Provisional planning for the scheme was given the go-ahead in October 2009 and a co-operative was formed to raise the capital needed for the project. The money raising culminated in a share option to raise extra funding of the £450,000 that was required for the scheme. With the funding secured, construction started in May 2012 with the plant being commissioned into service on 12 December 2012.

The Archimedes Screw that was built for the scheme arrived on site in September 2012 and was installed by October of the same year. The screw is 2.9 m wide and 11 m long and will allow a maximum 4 tonne of water to pass through a second. The screw is wide enough to allow fish to move through downstream with only a very low risk of harm. At the time that the project was being built the North York Moors Park Authority rebuilt the fishpass adjacent to the turbine. The screw generates up 160,000 kilowatt hours per year, which is enough electricity to power 45-48 homes, and reduces carbon emissions by up to 70 tonne per year.

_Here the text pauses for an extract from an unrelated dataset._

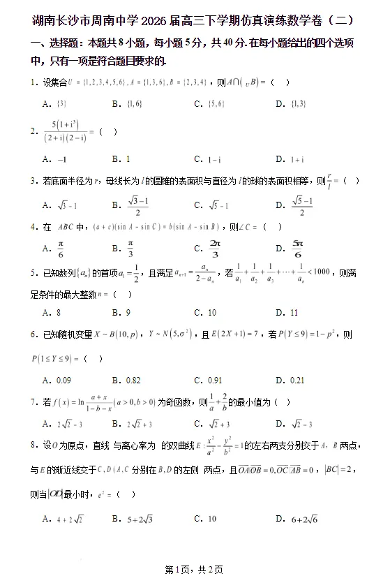 1.湖南省长沙市第一中学2025-2026学年高三上学期月考(二)化学试卷含答案2.湖南省长沙市第一中学2025-2026学年高三上学期月考(二)历史试卷含答案3.湖南省长沙市第一中学2025-2026学年高三上学期月考(二)生物试卷含答案4.湖南省长沙市第一中学2025-2026学年高三上学期月考(二)数学试卷含答案5.湖南省长沙市第一中学2025-2026学年高三上学期月考(二)政治试卷含答案6.湖南省长沙市第一中学2025-2026学年高三上学期月考(二)英语试卷含听力+答案7.安徽天一大联考2026届高三上学期十月调研数学试题+答案8.湖北省部分名校2026届高三上学期10月考试数学试题+答案9.湖北省腾云联盟2026届高三上学期10月联考数学试题+答案10.炎德·英才大联考湖南师大附中2026届高三月考试卷(三)语文试卷含答案 11.炎德·英才大联考湖南师大附中2026届高三月考试卷(三)数学试卷含答案 12.炎德·英才大联考湖南师大附中2026届高三月考试卷(三)英语试卷含答案 13.炎德·英才大联考湖南师大附中2026届高三月考试卷(三)物理试卷含答案 14.炎德·英才大联考湖南师大附中2026届高三月考试卷(三)生物学试卷含答案 15.炎德·英才大联考湖南师大附中2026届高三月考试卷(三)历史文试卷含答案 16.炎德·英才大联考湖南师大附中2026届高三月考试卷(三)思想政治试卷含答案 17.炎德·英才大联考湖南师大附中2026届高三月考试卷(三)地理试卷含答案 18.大联考湖南省长郡中学2026届高三11月月考卷(三)语文试卷含答案 19.大联考湖南省长郡中学2026届高三11月月考卷(三)化学试卷含答案 20.大联考湖南省长郡中学2026届高三11月月考卷(三)地理试卷含答案 21.大联考湖南省长郡中学2026届高三11月月考卷(三)数学试卷含答案 22.大联考湖南省长郡中学2026届高三11月月考卷(三)英语试卷含答案 23.大联考湖南省长郡中学2026届高三11月月考卷(三)政治试卷含答案 24.大联考湖南省长郡中学2026届高三11月月考卷(三)历史试卷含答案 25.大联考湖南省长郡中学2026届高三11月月考卷(三)生物试卷含答案 26.大联考湖南省长郡中学2026届高三11月月考卷(三)物理试卷含答案 27.2026届大联考湖南长沙一中高三上学期月考(三)化学试卷+答案 28.2026届大联考湖南长沙一中高三上学期月考(三)数学试卷+答案 29.2026届大联考湖南长沙一中高三上学期月考(三)物理试卷+答案 30.2026届大联考湖南长沙一中高三上学期月考(三)英语试卷+答案 31.大联考湖南省长郡中学2026届高三11月月考卷(三)生物试卷含答案 32.大联考湖南省长郡中学2026届高三11月月考卷(三)历史试卷含答案 33.湖南省湘东教学联盟2026届高三上学期11月联考化学试题(含答案) 34.湖南省湘东教学联盟2026届高三上学期11月联考语文试题(含答案) 35.湖南省湘东教学联盟2026届高三上学期11月联考生物试题(含答案) 36.湖南省湘东教学联盟2026届高三上学期11月联考政治试题(含答案) 37.湖南天壹名校联盟长望浏宁四县市2026届高三11月期中质量检测语文试卷含答案 38.湖南天壹名校联盟长望浏宁四县市2026届高三11月期中质量检测英语试卷含答案 39.湖南天壹名校联盟长望浏宁四县市2026届高三11月期中质量检测物理试卷含答案 40.湖南天壹名校联盟长望浏宁四县市2026届高三11月期中质量检测化学试卷含答案 41.湖南天壹名校联盟长望浏宁四县市2026届高三11月期中质量检测生物试卷含答案 42.湖南天壹名校联盟长望浏宁四县市2026届高三11月期中质量检测地理试卷含答案 43.湖南天壹名校联盟长望浏宁四县市2026届高三11月期中质量检测政治试卷含答案 44.湖南天壹名校联盟长望浏宁四县市2026届高三11月期中质量检测历史试卷含答案 45.湖南天壹名校联盟长望浏宁四县市2026届高三11月期中质量检测数学试卷含答案 46.语文试卷及答案-湖南新高考教学教研联盟(长郡二十校)2026届高三12月联考 47.英语试卷及答案-湖南新高考教学教研联盟(长郡二十校)2026届高三12月联考 48.思想政治试卷及答案-湖南新高考教学教研联盟(长郡二十校)2026届高三12月联考 49.化学试卷及答案-湖南新高考教学教研联盟(长郡二十校)2026届高三12月联考 50.历史试卷及答案-湖南新高考教学教研联盟(长郡二十校)2026届高三12月联考 51.生物试卷及答案-湖南新高考教学教研联盟(长郡二十校)2026届高三12月联考 52.地理试卷及答案-湖南新高考教学教研联盟(长郡二十校)2026届高三12月联考 53.数学试卷及答案-湖南新高考教学教研联盟(长郡二十校)2026届高三12月联考 54.物理试卷及答案-湖南新高考教学教研联盟(长郡二十校)2026届高三12月联考 55.炎德·英才大联考湖南师大附中2026届高三月考试卷(四)数学试卷及答案 56.炎德·英才大联考湖南师大附中2026届高三月考试卷(四)物理试卷及答案 57.炎德·英才大联考湖南师大附中2026届高三月考试卷(四)生物试卷及答案 58.炎德·英才大联考长沙市一中2026届高三月考试卷(四)语文试卷及答案 59.炎德·英才大联考长沙市一中2026届高三月考试卷(四)数学试卷及答案 60.炎德·英才大联考长沙市一中2026届高三月考试卷(四)化学试卷及答案 61.炎德·英才大联考长沙市一中2026届高三月考试卷(四)物理试卷及答案 62.备战2026年高考化学三年(2023-2025)真题汇编(通用版)专题 63.备战2026年高考物理三年(2023-2025)真题汇编(通用版)专题 64.炎德·英才大联考湖南师大附中2026届高三上学期(2025年下学期)月考试卷(四)语文试卷及

Even though the National Park Authority was satisfied that the development would have no detriment to the ecology or hydrology to the river, some in the community were upset that they were not fully informed about the prospect and possible ramifications of the hydro scheme. Parts of the local community were unaware that when the river was in low flow the water would not go through the screw but over the weir or through the fish pass as normal, claiming that this had not been communicated to them.